Even the introduction of functional programming languages into the mainstream over the past couple years is due, in part, to the ability of those languages to provide more declarative support, more syntactic flexibility, and new ways of dealing with concurrency and coordination issues (such as immutable values) and light-weight, ad hoc data structures (tuples).
Balancing the Forces of Coupling, Cohesion, and Modularity
On a fundamental level, the more that components are independent, the less coupled and the more modular and flexible they are. But the more they can communicate with and are allowed to benefit from each other, the more interdependent they become. This adds to cohesiveness and synergy, but also stronger coupling to a community of abstractions.
A composition of services has layers and segments of interdependence, and while there are dependencies, these should be dependencies on abstractions (interfaces and not implementations). Since there will be at least one implementation of each service, and the extensibility exists to build others as needed, dependency is only a liability when the means for fulfilling it are not extensible. Both sides of a contract need to be fulfilled regardless; service-oriented or component-based designs merely provide a mechanism for each side to implement and fulfill its part of the contract, and ideally the system also provides a discovery mechanism for the service provider to publish its availability for other components to discover and consume it.
If you think about software components as a hierarchy or tree of services, with services of one layer depending on more root services, it’s easy to see how this simplifies the perpetual task of adding new and revising existing functionality. You’re essentially editing an outline, and you have opportunities to move services around, reorganize dependencies easily, and have many of the details of the software’s complexity absorbed into this easy-to-use outline structure (and its supporting infrastructure).
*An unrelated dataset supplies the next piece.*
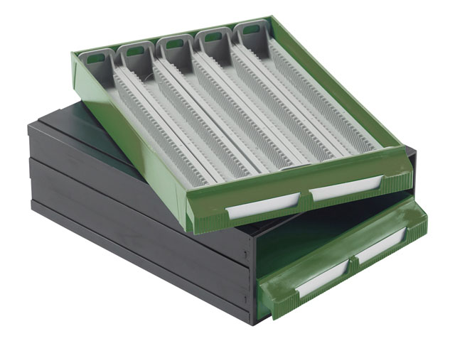- Posibilidad de equipar cada cajón con hasta 5 soportes de 40 portaobjetos geológicos para microscopio.

Systems of arbitrary complexity become feasible, and then relatively routine. There’s a somewhat steep learning curve to get to this point, but once you’ve crossed it, your opportunities extend endlessly for no additional mental cost. At least not in terms of how to compose your system out of individual parts.
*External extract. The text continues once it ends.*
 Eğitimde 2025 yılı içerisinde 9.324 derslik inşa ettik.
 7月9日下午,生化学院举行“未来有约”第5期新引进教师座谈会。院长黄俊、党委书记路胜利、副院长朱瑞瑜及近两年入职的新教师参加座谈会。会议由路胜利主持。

Absorbing Complexity into Frameworks
The final thing I want to mention is that a rise in overall complexity doesn’t mean that the job of software developers necessarily has to become more difficult than it is currently. With the proper design of components that abstract away the complexity into reusable frameworks with intuitive interfaces, developers at the business logic level don’t need to be aware of the inner complexity, in the same way that software developers are largely absolved of the responsibility of thinking about the processor’s inner workings. As we build our technology stack higher and higher, like the famed Tower of Babel, we must make sure that it’s organized and structured in a way to support that upward growth and the load imposed upon it… so it doesn’t come crashing down.
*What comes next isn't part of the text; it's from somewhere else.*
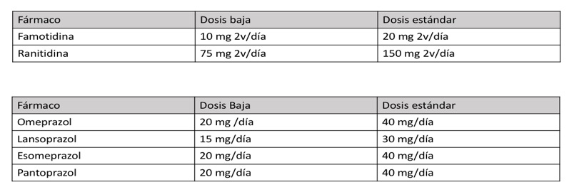 Tabla 1: Dosis habituales de IBP y ARH2

The requirements for building components tomorrow will not be the same as they were yesterday. As illustrated in this account of the effort involved in a feature change at Microsoft, in the future, we will also want to consider issues such as tool-assisted refactorability (and patterns that frustrate this, such as “magic strings”), and due to an explosion of component libraries, discoverability of types, members, and their use.
A processor can handle any complexity of instruction and data flow. The trick is in organizing all of this in a way that other developers can understand and work with.